[Records supplied]
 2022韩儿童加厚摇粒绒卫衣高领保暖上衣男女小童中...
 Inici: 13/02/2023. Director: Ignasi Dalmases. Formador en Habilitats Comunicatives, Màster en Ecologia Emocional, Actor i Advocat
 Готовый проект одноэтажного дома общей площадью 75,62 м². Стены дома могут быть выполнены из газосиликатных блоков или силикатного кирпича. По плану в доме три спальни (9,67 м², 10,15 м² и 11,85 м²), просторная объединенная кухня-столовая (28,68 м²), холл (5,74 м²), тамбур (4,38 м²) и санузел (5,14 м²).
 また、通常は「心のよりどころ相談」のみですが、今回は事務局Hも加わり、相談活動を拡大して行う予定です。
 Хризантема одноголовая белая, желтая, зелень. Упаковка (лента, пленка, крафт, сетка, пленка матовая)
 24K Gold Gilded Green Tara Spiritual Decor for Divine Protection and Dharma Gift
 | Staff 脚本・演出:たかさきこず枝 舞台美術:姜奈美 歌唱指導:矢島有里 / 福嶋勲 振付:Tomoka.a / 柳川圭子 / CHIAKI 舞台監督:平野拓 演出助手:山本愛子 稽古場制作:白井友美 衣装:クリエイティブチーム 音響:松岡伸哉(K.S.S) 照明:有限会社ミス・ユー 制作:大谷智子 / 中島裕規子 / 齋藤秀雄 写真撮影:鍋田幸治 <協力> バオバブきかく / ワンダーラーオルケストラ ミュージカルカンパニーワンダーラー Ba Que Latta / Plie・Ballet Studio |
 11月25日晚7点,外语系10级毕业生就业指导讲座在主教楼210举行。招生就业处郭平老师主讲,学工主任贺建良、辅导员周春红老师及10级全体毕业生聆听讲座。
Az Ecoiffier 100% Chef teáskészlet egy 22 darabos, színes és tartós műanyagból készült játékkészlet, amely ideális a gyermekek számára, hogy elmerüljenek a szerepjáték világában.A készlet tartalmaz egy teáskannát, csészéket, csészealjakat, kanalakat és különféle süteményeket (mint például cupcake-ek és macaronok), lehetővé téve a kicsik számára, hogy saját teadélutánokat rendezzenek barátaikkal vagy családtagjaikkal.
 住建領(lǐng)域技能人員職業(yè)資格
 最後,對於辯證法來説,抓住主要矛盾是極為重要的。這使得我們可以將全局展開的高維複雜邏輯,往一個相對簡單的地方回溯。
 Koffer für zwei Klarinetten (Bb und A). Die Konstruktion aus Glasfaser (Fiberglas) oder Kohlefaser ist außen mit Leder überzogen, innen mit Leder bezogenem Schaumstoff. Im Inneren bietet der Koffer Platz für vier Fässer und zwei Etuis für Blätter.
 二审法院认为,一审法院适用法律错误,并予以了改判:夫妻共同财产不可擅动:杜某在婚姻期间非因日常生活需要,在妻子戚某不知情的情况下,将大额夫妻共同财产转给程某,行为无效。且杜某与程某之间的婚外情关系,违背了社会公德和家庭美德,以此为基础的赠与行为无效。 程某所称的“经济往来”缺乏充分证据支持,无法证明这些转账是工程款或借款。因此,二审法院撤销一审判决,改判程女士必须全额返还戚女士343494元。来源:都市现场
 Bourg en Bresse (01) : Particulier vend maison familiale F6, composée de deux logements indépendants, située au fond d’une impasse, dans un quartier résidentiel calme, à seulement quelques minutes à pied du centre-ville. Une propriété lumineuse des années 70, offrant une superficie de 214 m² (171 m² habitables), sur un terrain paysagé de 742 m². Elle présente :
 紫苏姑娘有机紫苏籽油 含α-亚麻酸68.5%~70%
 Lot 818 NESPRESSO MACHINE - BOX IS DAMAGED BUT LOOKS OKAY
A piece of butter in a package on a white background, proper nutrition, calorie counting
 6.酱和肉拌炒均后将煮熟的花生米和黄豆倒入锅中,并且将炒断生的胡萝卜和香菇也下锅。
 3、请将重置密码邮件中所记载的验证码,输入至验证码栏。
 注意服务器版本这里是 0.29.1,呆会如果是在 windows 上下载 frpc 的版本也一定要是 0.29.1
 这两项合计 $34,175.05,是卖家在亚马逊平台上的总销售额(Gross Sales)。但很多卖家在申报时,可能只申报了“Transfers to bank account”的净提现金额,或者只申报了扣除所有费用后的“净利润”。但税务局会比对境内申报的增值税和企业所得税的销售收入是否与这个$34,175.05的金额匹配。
[/Records supplied]
## What needs to be done
Please transcribe exactly the lines above from the line that has "Хризантема одноголовая белая, желтая, зелень." up to and including the line that has "最後,對於辯證法來説,抓住主"; no other line belongs in the answer.

## Result of the task
 Хризантема одноголовая белая, желтая, зелень. Упаковка (лента, пленка, крафт, сетка, пленка матовая)
 24K Gold Gilded Green Tara Spiritual Decor for Divine Protection and Dharma Gift
 | Staff 脚本・演出:たかさきこず枝 舞台美術:姜奈美 歌唱指導:矢島有里 / 福嶋勲 振付:Tomoka.a / 柳川圭子 / CHIAKI 舞台監督:平野拓 演出助手:山本愛子 稽古場制作:白井友美 衣装:クリエイティブチーム 音響:松岡伸哉(K.S.S) 照明:有限会社ミス・ユー 制作:大谷智子 / 中島裕規子 / 齋藤秀雄 写真撮影:鍋田幸治 <協力> バオバブきかく / ワンダーラーオルケストラ ミュージカルカンパニーワンダーラー Ba Que Latta / Plie・Ballet Studio |
 11月25日晚7点,外语系10级毕业生就业指导讲座在主教楼210举行。招生就业处郭平老师主讲,学工主任贺建良、辅导员周春红老师及10级全体毕业生聆听讲座。
Az Ecoiffier 100% Chef teáskészlet egy 22 darabos, színes és tartós műanyagból készült játékkészlet, amely ideális a gyermekek számára, hogy elmerüljenek a szerepjáték világában.A készlet tartalmaz egy teáskannát, csészéket, csészealjakat, kanalakat és különféle süteményeket (mint például cupcake-ek és macaronok), lehetővé téve a kicsik számára, hogy saját teadélutánokat rendezzenek barátaikkal vagy családtagjaikkal.
 住建領(lǐng)域技能人員職業(yè)資格
 最後,對於辯證法來説,抓住主要矛盾是極為重要的。這使得我們可以將全局展開的高維複雜邏輯,往一個相對簡單的地方回溯。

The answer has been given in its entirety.